LeetCode algorithm problem 206: Reverse linked lists

Topic describes

Give you a single linked list head, ask you to reverse the list, and return the reversed list.


Example 1:

Input: head = [1, 3] Output: [3, 1]Copy the code

Example 2:

Input: head = [1, 3, 4, 6, 9]Copy the code

Example 3:

Input: head = [] Output: []Copy the code

Solution method (I) : double pointer iteration method

Train of thought
  • We first define two Pointers, curr and prev, where curr refers to the current node with an initial value of head and prev refers to its previous node with an initial value of NULL. Go one step at a time until Curr gets to the end of the list, using next to save the next node from the current node
  • At each step, curr’s next points to Prev, thus completing a reversal
  • Assign the next node of the current node to the current node, and assign the updated current node to its previous node prev, that is, prev points to curr, and curr points to the next node of curr
code
function reverseList(head) {
  let curr = head;       // The current node is curr
  let prev = null;       // Prev is the previous node of the current node
  while(curr) {
    // Save the next node of the current node to next
    const next = curr.next;
    curr.next = prev;
    // Update the prev node iteratively
    prev = curr;
    // Update the curr node iteratively
    curr = prev;
  }
  return prev;
}
Copy the code
Complexity analysis

Time complexity O(n), space complexity O(1)

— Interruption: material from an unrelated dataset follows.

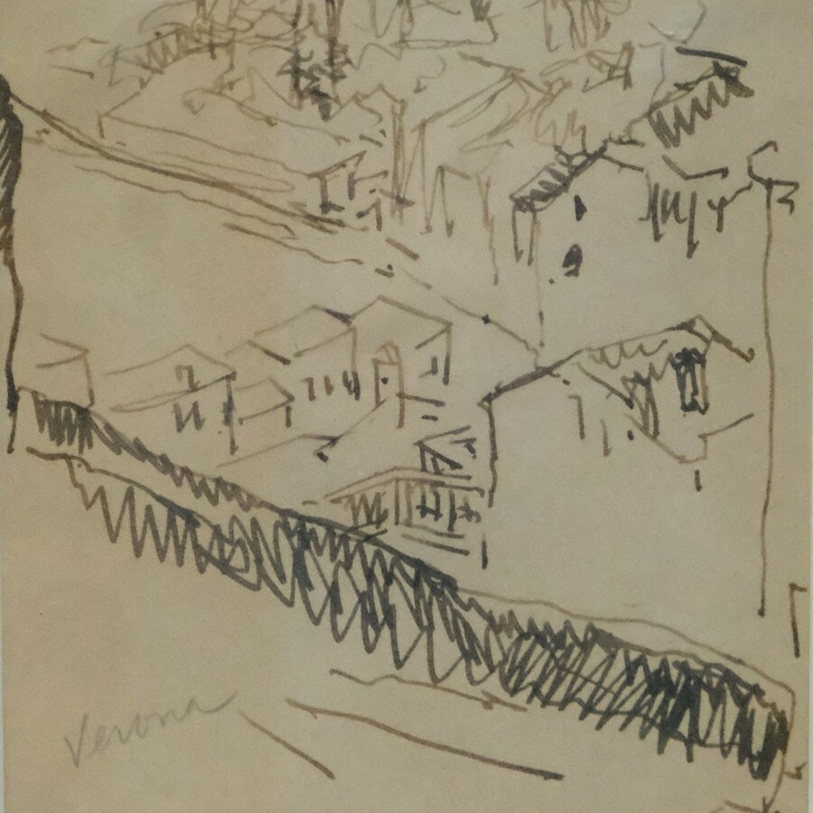 Inkttekening op papier, titel 'Verona'. Toegeschreven aan Johan Dijkstra (Groningen 1896 - 1978). In Gehring lijst.

Solution method (2) : recursive method

Train of thought
  • Recursively to the last node in the list
  • The next pointer of the next node of the current node points to the current node. Since the inversion should not point to the right, we need to break the next pointer of the current node to null
  • Returns the current node until the recursion ends
code
var reverseList = function(head) {
  Head ==null; head==null; head==null
  Next ==null; return the last element of the list
  if(head==null || head.next==null) {
    return head;
  }
  const newHead = reverseList(head.next);
  head.next.next = head;
  head.next = null
  return newHead;
}
Copy the code
Complexity analysis

Time complexity and space complexity are both O(n).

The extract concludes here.